Loring's command was the first to make contact with the enemy. Chief Black Knife and his band were in the area with 2,000 head of stolen sheep. On May 24, Loring's force caught up with the Apaches in the Black Range near the Mogollons after pursuing them for days. At a little rocky valley the Apaches were attacked and defeated at their camp. Seven warriors were killed and left on the field while the rest fled into the mountains. Chief Black Knife was one of the killed; nine others were captured and all of the livestock was recaptured. There were no American casualties in the engagement.

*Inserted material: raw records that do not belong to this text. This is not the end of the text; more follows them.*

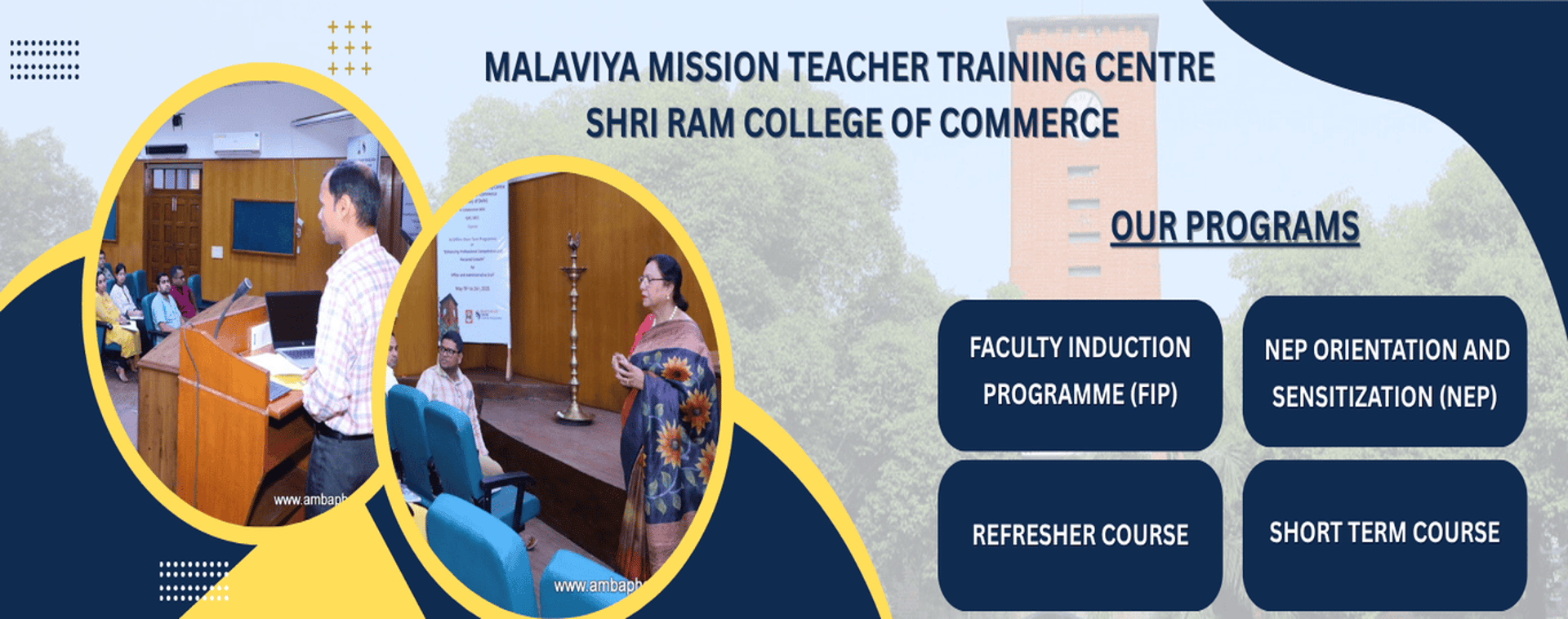 The Malaviya Mission Teacher Training Centre, Shri Ram College of Commerce (MMTTC, SRCC) was established in 2024 under the Malaviya Mission Teacher Training Programme (MMTTP) of the Ministry of Education, Government of India for the knowledge and skills upgradation, development and progression of faculty members, administration and research scholars of Colleges and Universities. The MMTTC, SRCC will implement the ideals of Malaviya Mission Teacher Training Programme (MMTTP) which aims to implement NEP recommendations, focusing on quality teaching, equity, online education, technology use, Indian language promotion, vocational education, and multidisciplinary education. The MMTTC, SRCC will address the needs of teachers in colleges/universities as determined by the UGC through: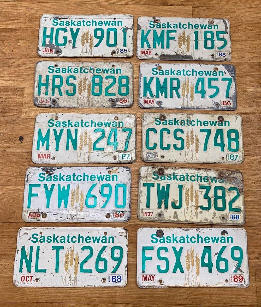 1985, 1986, 1987, 1988, 1989 Saskatchewan License Plates x 10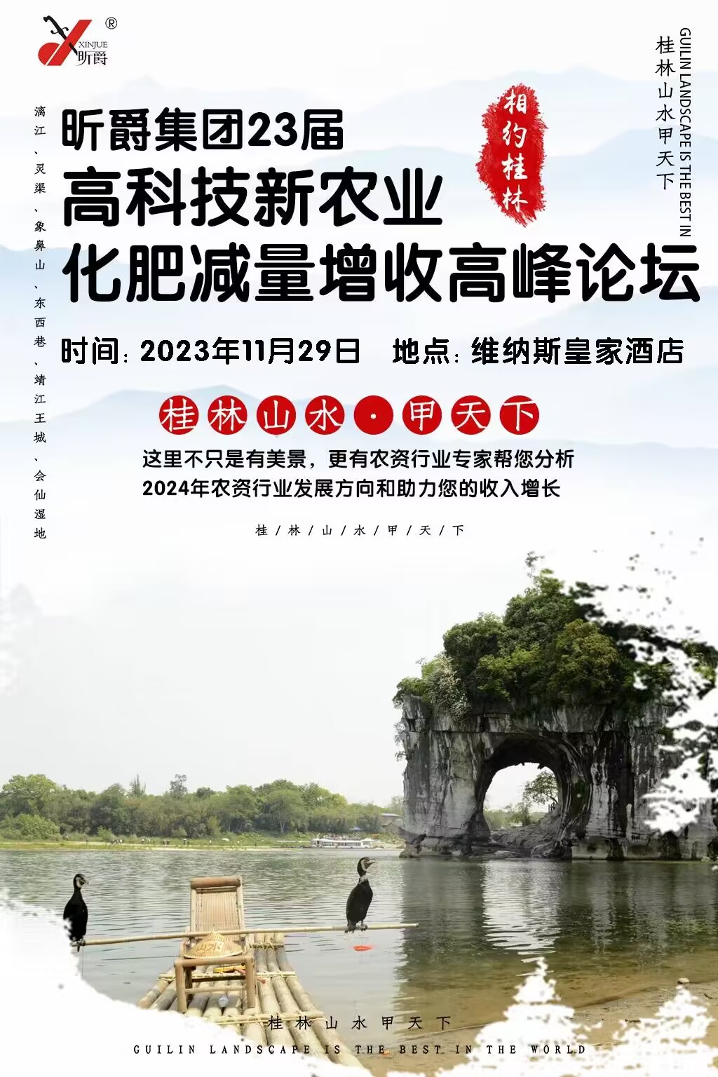 昕爵集团高科技新农业“化肥减量增收”高峰论坛,即将于2023年11月29日在美丽的桂林召开,会议邀请了行业***人士,将与参会人员共同探讨2024年农资行业的发展方向和前景,并有机会与新媒体大咖交流如何利用抖音引流、将生意做大做强。

The southern column had to wait longer for an engagement. They moved slower than Colonel Loring's men partly because Bonneville split his force in two and marched it in tight configuration on both sides of the river. This tactic made many of Bonneville's officers believe they would have no chance of catching up with any Apaches. Captain Richard S. Ewell commanded the right wing of about 300 men, which was the only part of the column to fight a battle. On June 27, more than a month after the start of the expedition, Ewell and his men came across a rancheria east of Mount Graham, on the Gila River. Ewell wasted no time in waiting for the left wing so he and his men hastily advanced into the Apache camp and killed or wounded about 40 warriors in a short engagement before Bonneville or Miles could arrive. Forty-five women and children were also captured. Two American officers were killed, and seven enlisted men were wounded. One of the killed Apaches was believed to have been responsible for the death of Indian agent Henry I. Dodge.